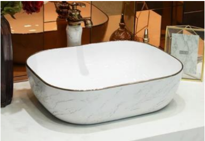 NC-7820-WGM | Ceramic Art Basin - White Marble with Gold Trim Design
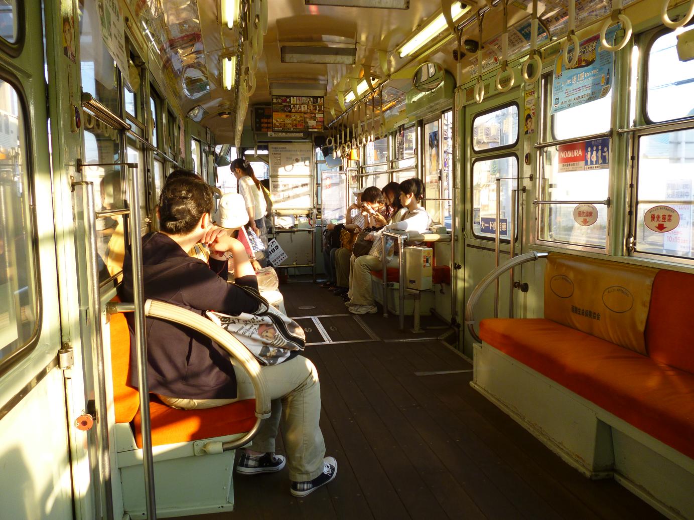 やって来た市電に乗車します。いやはや、たぶん40年以上前に製造されたものでしょう。冷房って何?みたいな、扇風機さえない車内に頑丈そうな鉄骨ボディが印象的です。
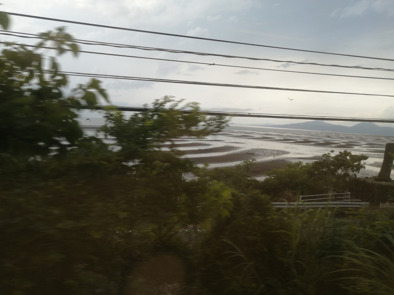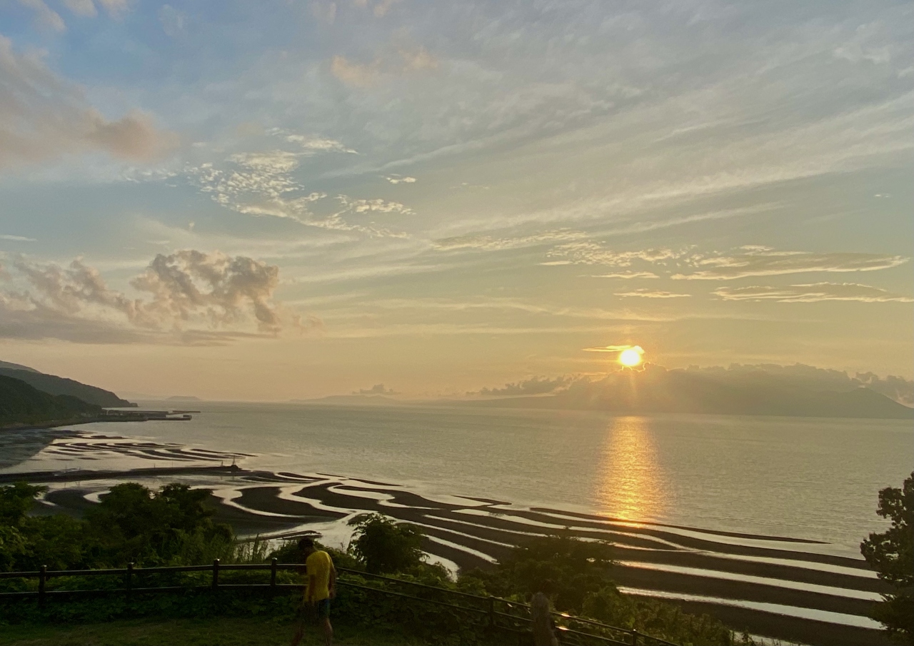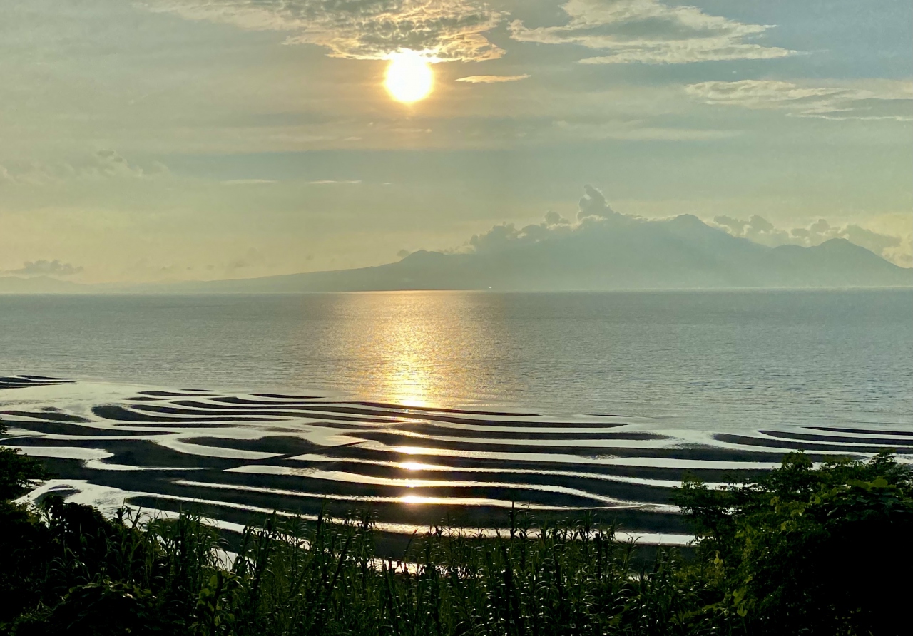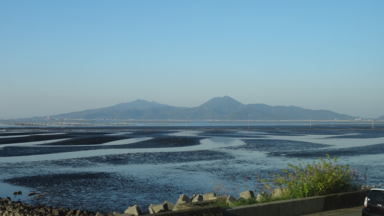 その日は快晴で、運よく潮が引いた時間帯だったため、夕陽に焼けた砂紋を綺麗に眺めることができました。最初は、島原湾の向こうに雲仙岳を望むことができ、そして、列車が進むにつれ、徐々に金峰山がくっきりしてきました。
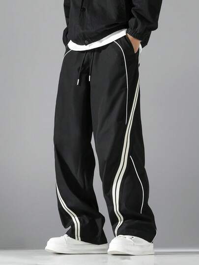 1pc Men's Fashionable Casual Straight Leg Pants, With Stylish Ribbed Tape Decoration, Contrast Color Binding Design - Black - View 1
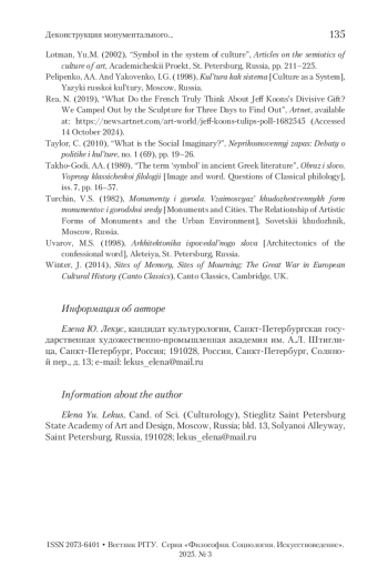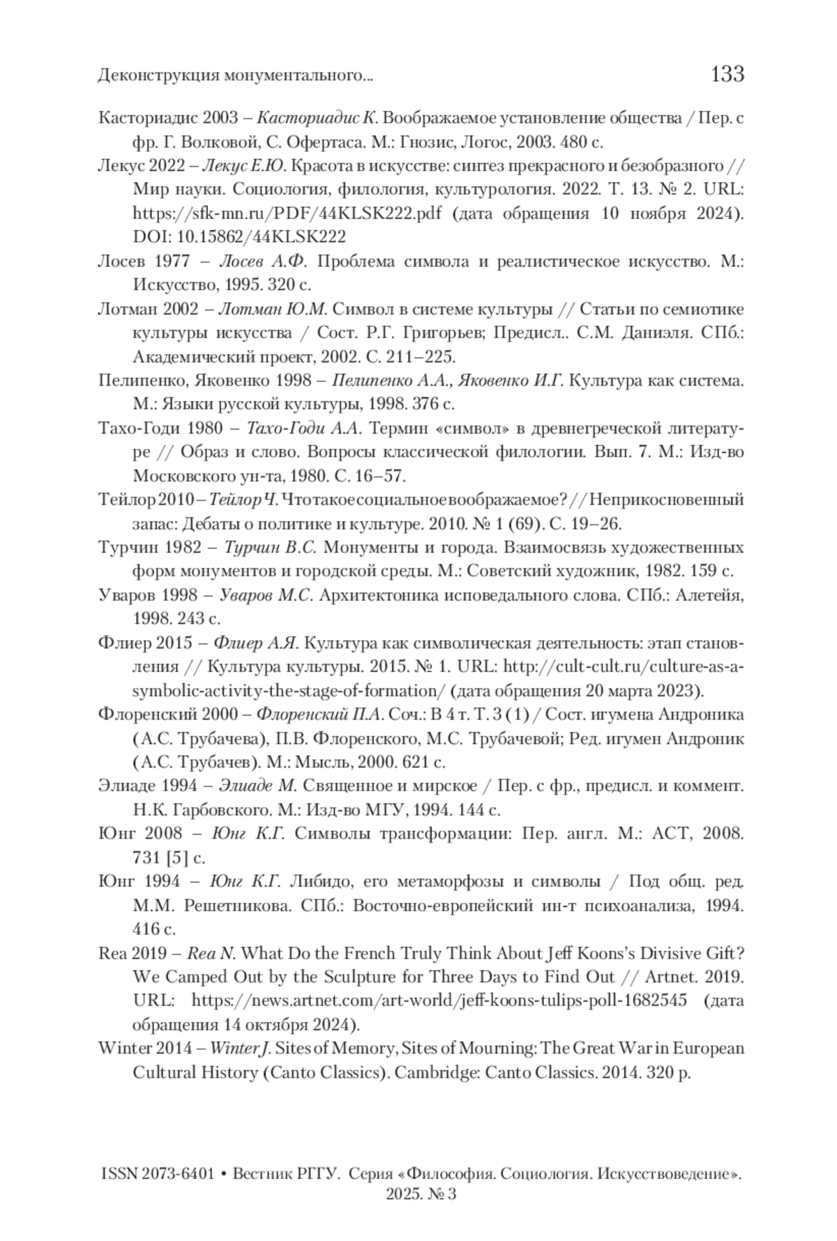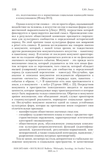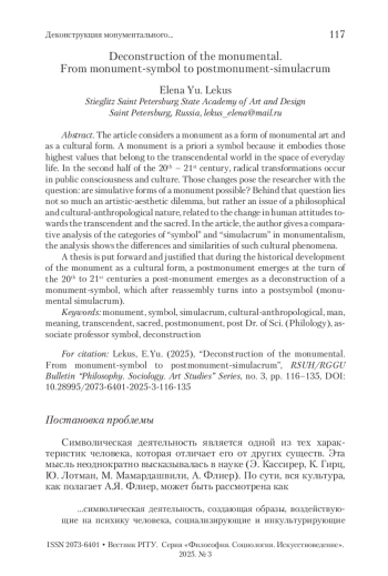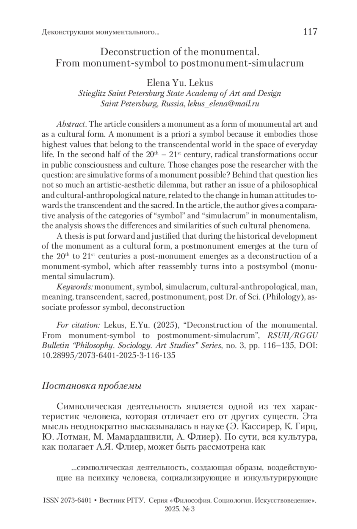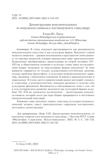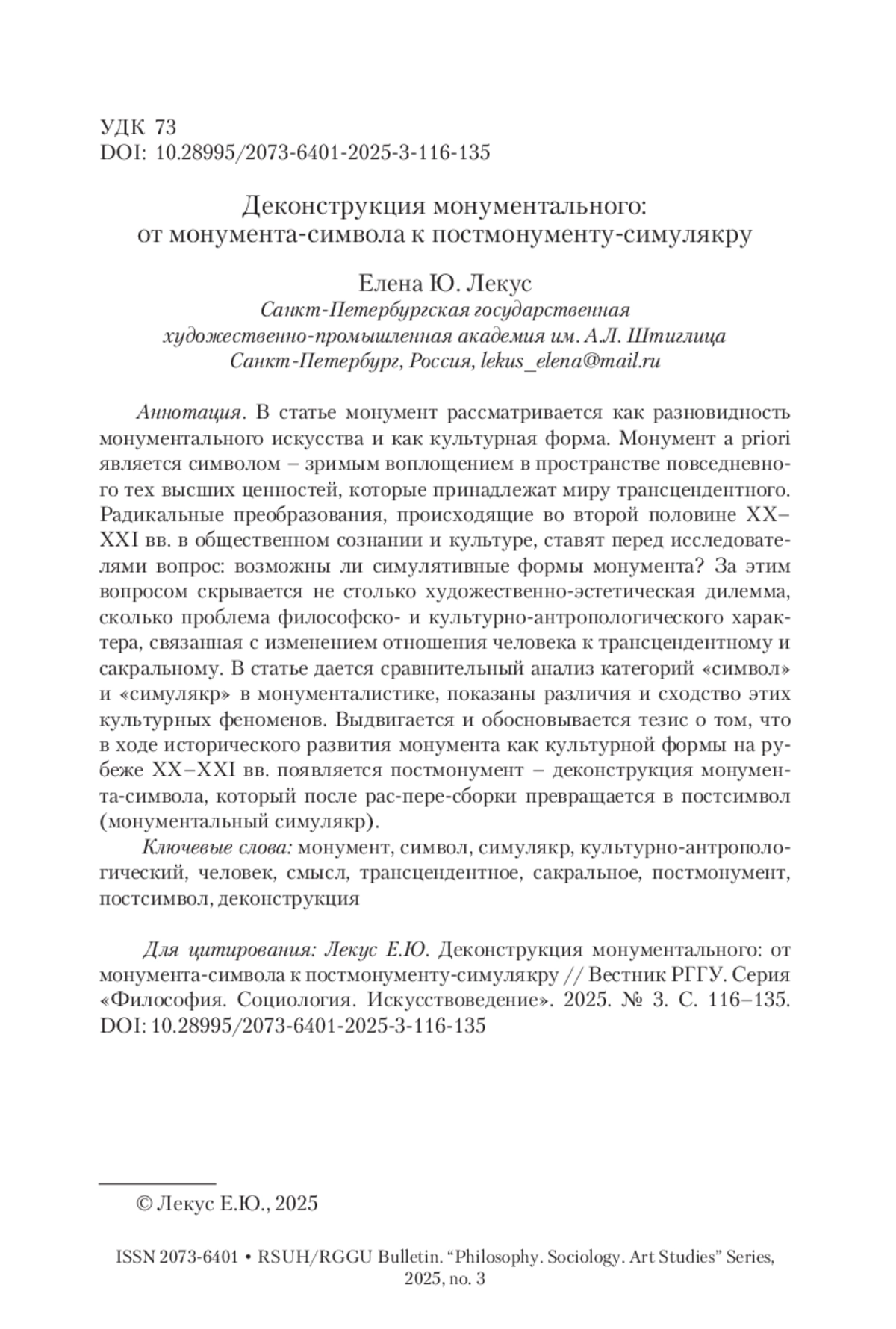 ЛЕКУС Е. Ю. ДЕКОНСТРУКЦИЯ МОНУМЕНТАЛЬНОГО: ОТ МОНУМЕНТА-СИМВОЛА К ПОСТМОНУМЕНТУ-СИМУЛЯКРУ // ВЕСТНИК РГГУ. СЕРИЯ: ФИЛОСОФИЯ. СОЦИОЛОГИЯ. ИСКУССТВОВЕДЕНИЕ. 2025. № 3
______
**Requirement**: What is needed is an exact printout of every record above, with the pictures left out.

**Task response**:
 NC-7820-WGM | Ceramic Art Basin - White Marble with Gold Trim Design
 やって来た市電に乗車します。いやはや、たぶん40年以上前に製造されたものでしょう。冷房って何?みたいな、扇風機さえない車内に頑丈そうな鉄骨ボディが印象的です。
 その日は快晴で、運よく潮が引いた時間帯だったため、夕陽に焼けた砂紋を綺麗に眺めることができました。最初は、島原湾の向こうに雲仙岳を望むことができ、そして、列車が進むにつれ、徐々に金峰山がくっきりしてきました。
 1pc Men's Fashionable Casual Straight Leg Pants, With Stylish Ribbed Tape Decoration, Contrast Color Binding Design - Black - View 1
 ЛЕКУС Е. Ю. ДЕКОНСТРУКЦИЯ МОНУМЕНТАЛЬНОГО: ОТ МОНУМЕНТА-СИМВОЛА К ПОСТМОНУМЕНТУ-СИМУЛЯКРУ // ВЕСТНИК РГГУ. СЕРИЯ: ФИЛОСОФИЯ. СОЦИОЛОГИЯ. ИСКУССТВОВЕДЕНИЕ. 2025. № 3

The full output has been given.